Пришлось отправить солиста попеть где-нибудь в степи, на что тот охотно согласился, а самому остаться под комбайном. В конце концов, мне же отвечать за техническое состояние машин. Лежа под комбайном, я увидел, что ко мне приближаются четыре женских ноги. «Два человека», — пронеслось в голове, больших эмоций это не вызвало — работа есть работа!

— Вы здесь начальник? — послышался голосок, который показался мне несколько робким и заискивающим.

— А что случилось? — ответствовал я, не вылезая из укрытия.

— Мы врачи. Приехали к вам на помощь. Нам привезли обед, а он платный. Мы об этом не знали. Ни у кого с собою не оказалось денег.

— Пусть вас накормят за мой счёт. Скажите поварихе…

— Но нас тридцать человек! — перебили меня ноги.

— Какая разница — сколько. Пусть всех накормят!..

Ноги ушли. Я продолжал нехитрый ремонт. Через полчаса ноги вернулись:

— Вы хотя бы вылезли оттуда, чтобы нам знать, кому говорить спасибо.

— На здоровье! –ответил я, не прерывая работы.

— Тем более я через день уезжаю в Челябинск. Насовсем!

— Стоп! — вздрогнул я в своём склепе. — Как в Челябинск? У меня там родители, друзья…

Пришлось вылезти.

— Кто уезжает?

Их было две, и я уточнил, кто моя землячка. Пробежала тёплая волна. Запахло родительским домом.

— Завтра я схожу в тайгу, набью орехов. Вы передайте их моих друзьям в Челябинске. Адреса я напишу.

— Хорошо! — сказала она. — Тем более что мы ваши должники.

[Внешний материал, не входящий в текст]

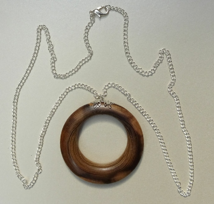 Brian Partridge has made a ladies pendant using a grot piece of wood and the off centre jig made from a kit supplied by Paul Howard

Девушки ушли. Я снова полез под комбайн…

Моё дежурство на кукурузе заканчивалось.

На другой день я сбегал в тайгу, набрал полную наволочку тяжёлых, в смоле, кедровых шишек и принёс их моей новой знакомой в районную больницу.

Перечень моих друзей был большим. Заметив недоумённый взгляд моей землячки и два больших чемодана, с которыми ей предстояло ехать на Урал, я вдвое сократил список, чем наполовину облегчил тяжесть моего груза. Но, то ли по невнимательности, то ли из уважения к своим родителям, я оставил их адрес. Я не баловал предков своими приветами. Что было, то было…

Извинившись заранее за доставленные моей «почтальонше» неудобства, я уехал на передовой край борьбы за кукурузу, не подозревая о том, что «оплошность» с адресом моей мамы и отца будет мне стоить свободной жизни.

Прошло больше месяца. История эта стала забываться. И вдруг однажды в дверях моего дома возникла девушка. В руках она держала банку земляничного варенья. Я не сразу узнал в ней мою землячку.

— Вы же уехали… насовсем…— робко выговорил я.

— А я насовсем и уехала. Но вот, когда передавала шишки вашей маме, она сказала: «Он такой сладкоежка! Отвезите ему эту баночку варенья». Не могла же я ей сказать, что уехала из Тувы навсегда.

Это, конечно, был довод! Земляничное варенье для меня — святое. Забывшись, как медведь на пасеке, я принялся лакомиться маминым вареньем.

Девушка не уходила, но это меня не волновало. Какая девушка, если есть земляничное варенье!

Я вымыл банку. Девушка не уходила… Вымыл ещё раз — результат тот же.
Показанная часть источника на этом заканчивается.